The measures such as installation of lightning conductor, installation of lightning arrester, installation of parallel protection gap and the like which are frequently adopted by the line lightning protection measures can meet the basic requirements of lightning protection. However, the application of the lightning conductor to the wiring is limited to a certain extent, and the lightning conductor is installed only within a range of 1 to 2 km from and to the line. The lightning arrester can meet the requirement of releasing lightning, however, the discharging process is completely uncontrolled, and when the lightning arrester is damaged, the phenomenon of current leakage exists. The parallel gap is formed by installing a pair of metal electrodes in parallel at two ends of the insulator string to form a protection gap, and the gap can be discharged preferentially under the impact of direct lightning strike or induced lightning current, so that the insulator string is protected from arc flashover, and the circuit has no permanent fault.

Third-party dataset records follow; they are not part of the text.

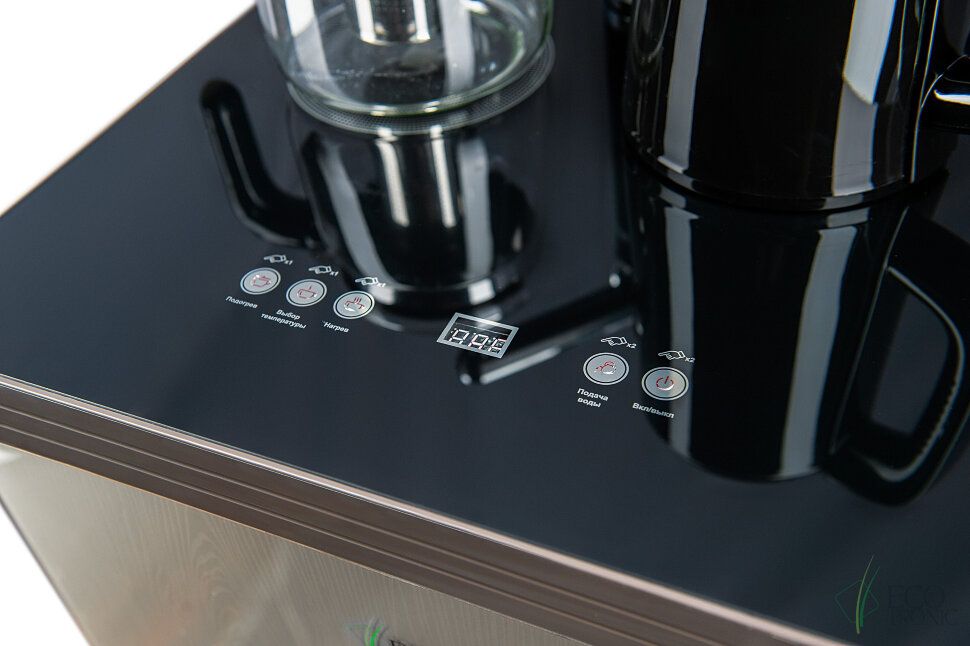 Охлаждение воды включается отдельной кнопкой, но можно задать поддержание охлаждения в автоматическом режиме. Панель управления сенсорная.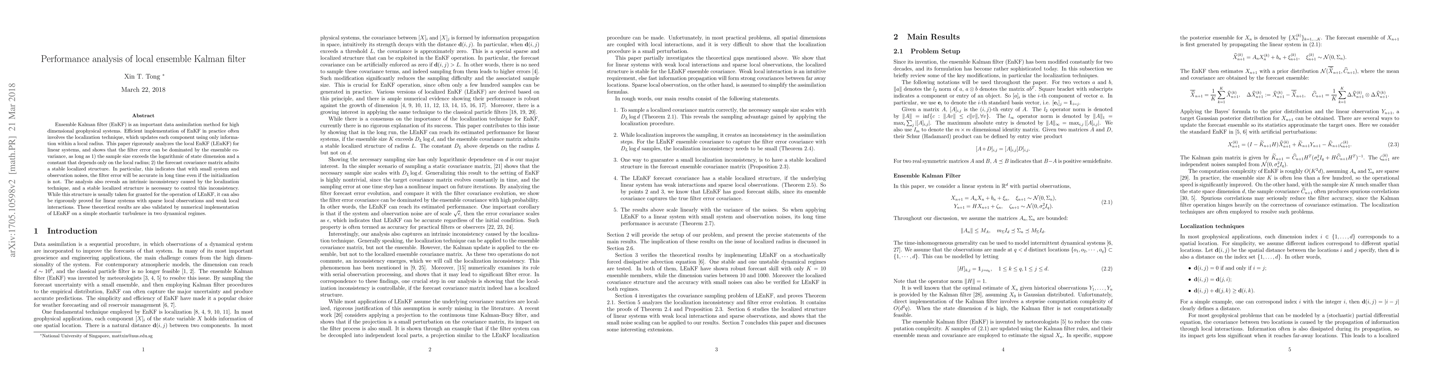 This paper rigorously analyzes the performance of the local ensemble Kalman filter (LEnKF) for linear systems, demonstrating that filter accuracy depends on ensemble covariance and a stable localized structure. Numerical results validate the theoretical findings for stochastic turbulence.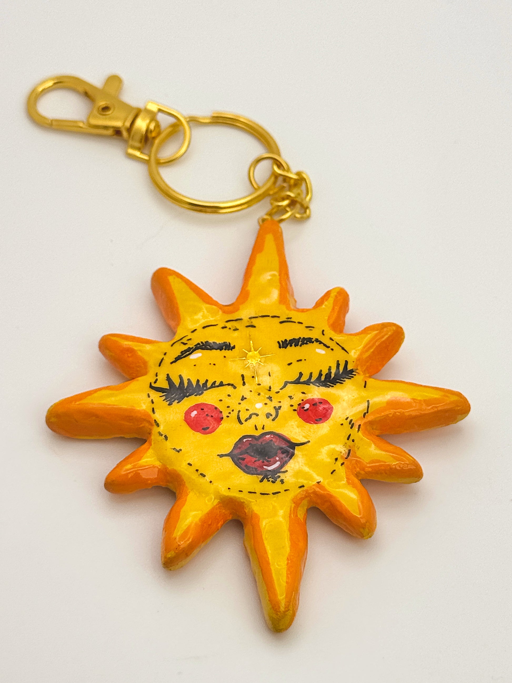 This hand-sculpted Sun Goddess keychain is made from polymer clay, painted entirely by hand, and sealed glossy for a sun-kissed glow. She features a fiery orange fade, fluttery lashes, rosy cheeks, and star accents that catch the light. Finished with a gold lobster clasp so she looks luxe on any set of keys, bag, or backpack.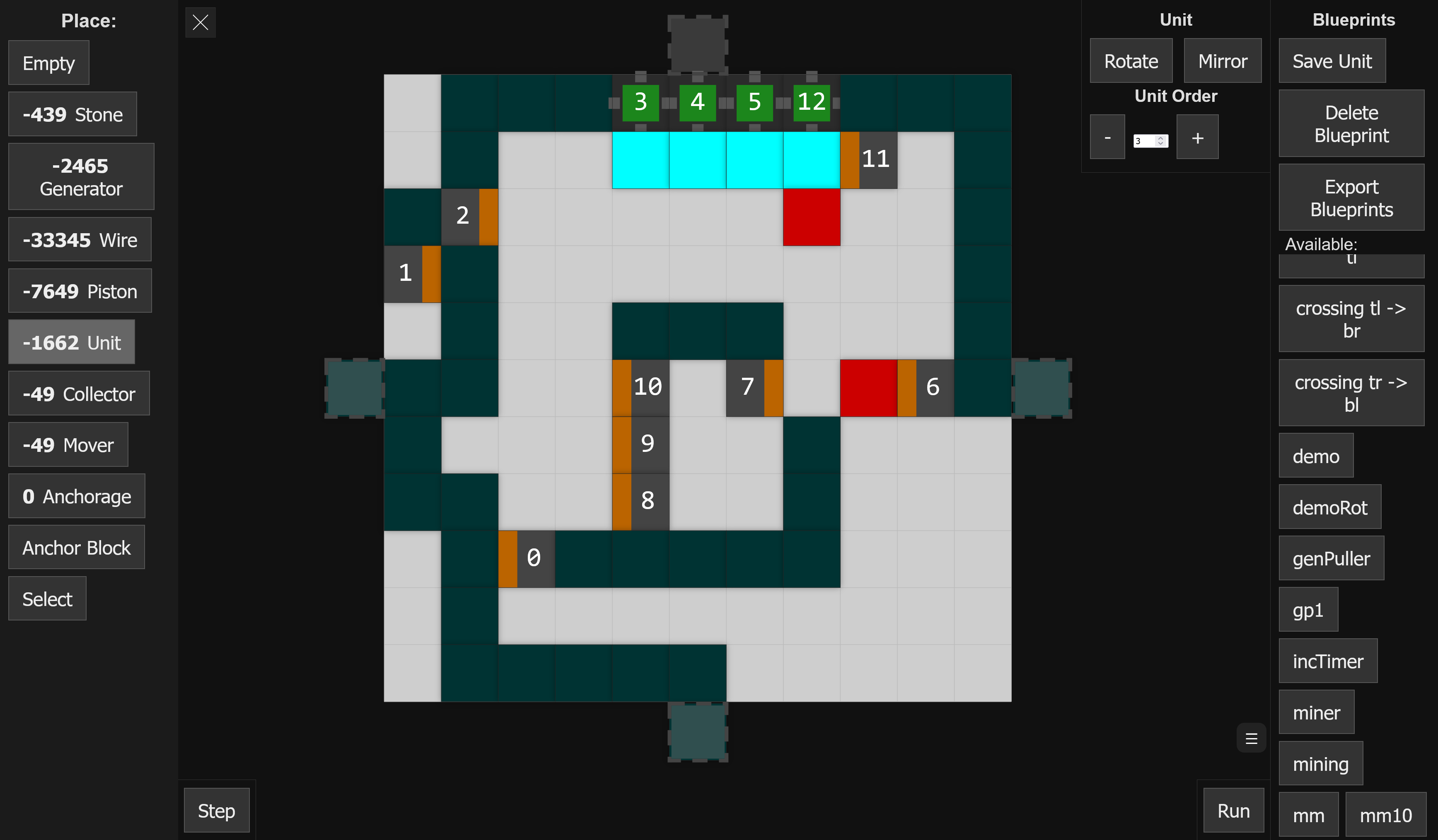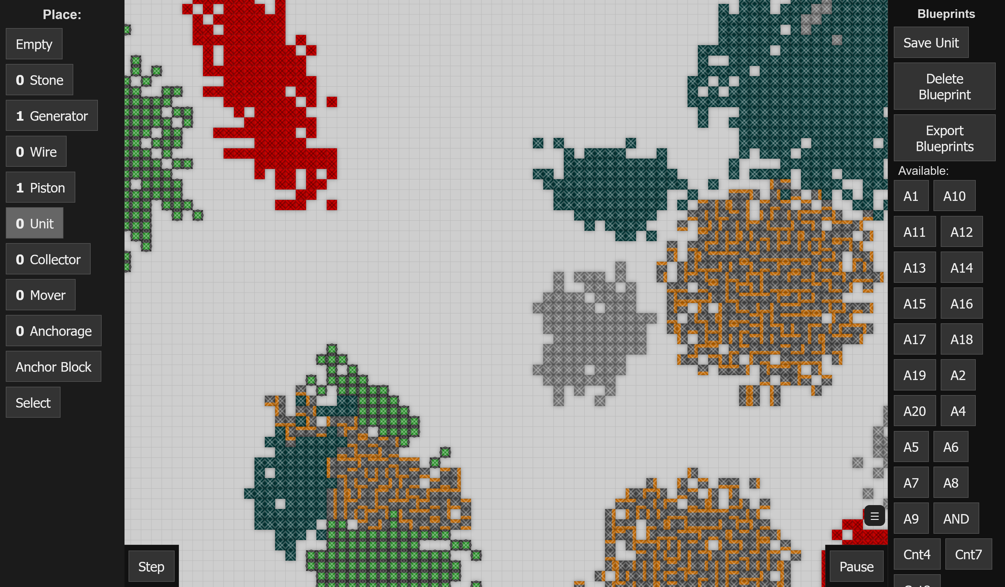 - 50 bit sequencer: a single unit that can receive, hold and dispense a sequence of 50 consecutive blocks in order. It consists of about 1000 blocks and has up to 4 levels of nested units (excluding the parent unit). I am sure, this can be built more efficiently. Right now I am designing a mechanic that is able to duplicate the sequence read from an existing sequencer. The duplication mechanism already works. I am still working on the recovery mechanism, that transports the needed resources into the duplication mechanism. The duplicator already has more than 3000 single blocks.

But the lightning trip-out rate of the line is increased, and the power frequency arc needs to be cut off through automatic reclosing.
Disclosure of Invention
The invention overcomes the defect of the prior line lightning protection measures and provides a novel power distribution network lightning protection tripping self-extinguishing arc parallel gap system. The parallel gap adjusting device is wide in application range, the distance of the parallel gap can be adjusted for different distribution lines, and the lines with different relay protection parameters can be flexibly adjusted. Second, the energy of the arc extinction comes from lightning, and no additional energy is required to be taken from the line or otherwise. Finally, the switching time of the coil can be flexibly adjusted according to the different lightning overvoltage, so that the line tripping is not caused while the lightning overvoltage is released fastest.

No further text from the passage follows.